## TASK REQUIREMENTS
Write the data out again exactly, with every picture removed.

## DATA PROVIDED
Segment Open
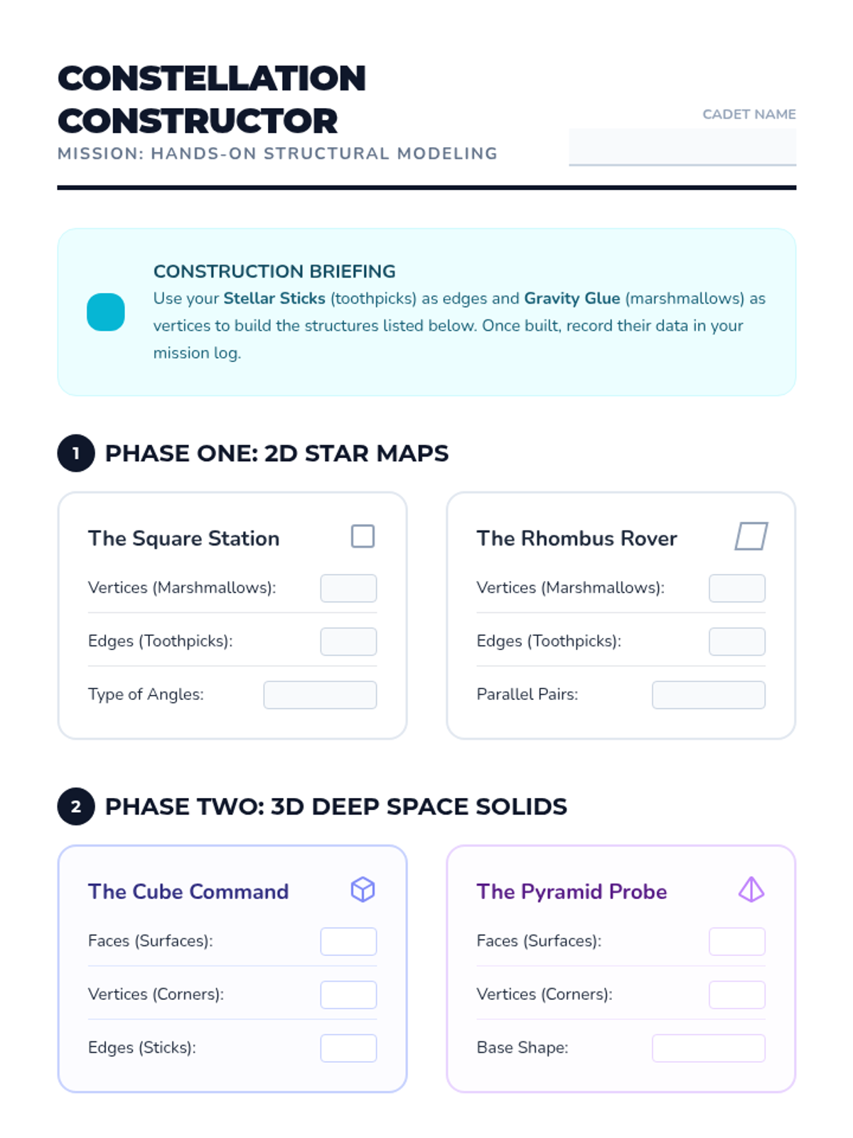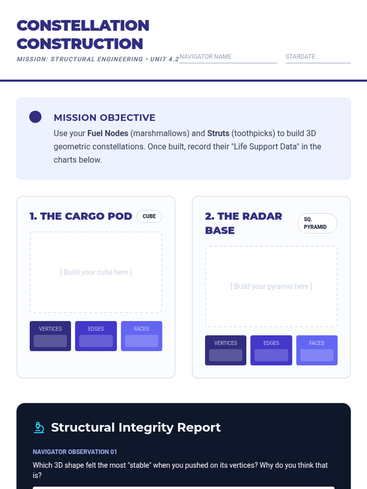 A comprehensive geometry lesson exploring 2D and 3D shapes, properties, and angles through a space-themed mission. Students engage in classification, modeling, and spatial reasoning to master geometric concepts.
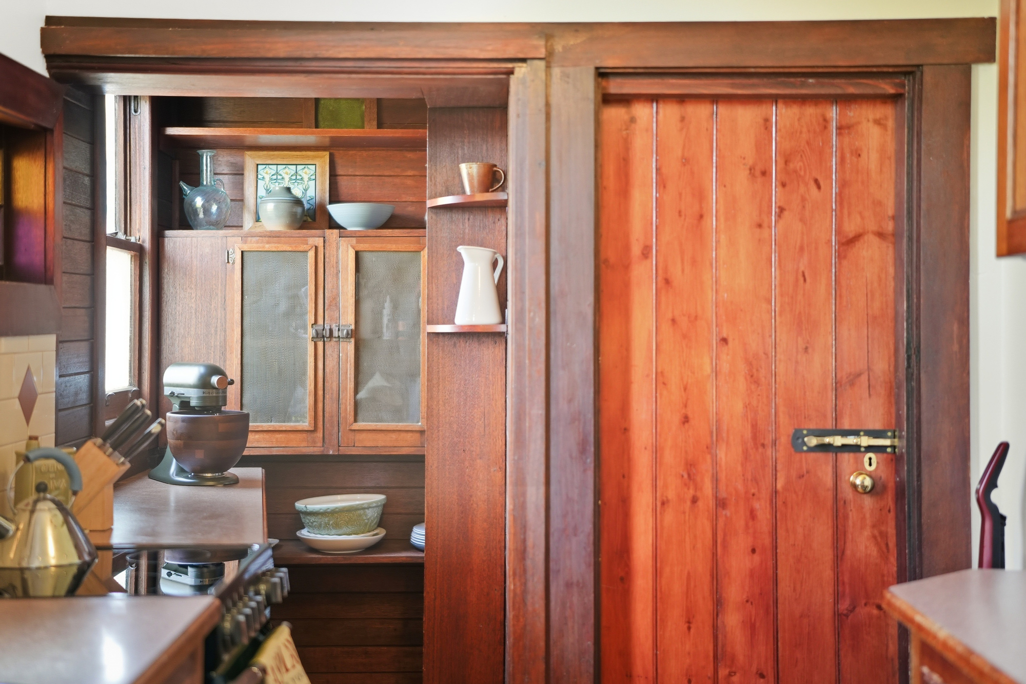 The adjoining kitchen has all the quirky attributes lovers of early homes appreciate.
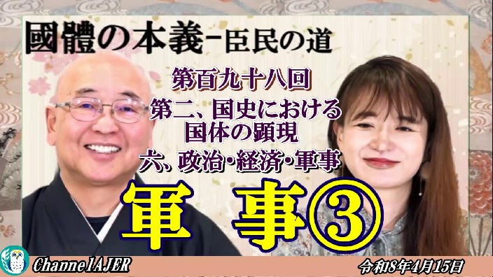 『国体の本義』第2国史における国体の顕現 6.政治・経済・軍事ー軍 事③」小名木善行&佐波優子AJER2026.4.15(3)
Segment Closed
## EXERCISE ANSWER
 A comprehensive geometry lesson exploring 2D and 3D shapes, properties, and angles through a space-themed mission. Students engage in classification, modeling, and spatial reasoning to master geometric concepts.
 The adjoining kitchen has all the quirky attributes lovers of early homes appreciate.
 『国体の本義』第2国史における国体の顕現 6.政治・経済・軍事ー軍 事③」小名木善行&佐波優子AJER2026.4.15(3)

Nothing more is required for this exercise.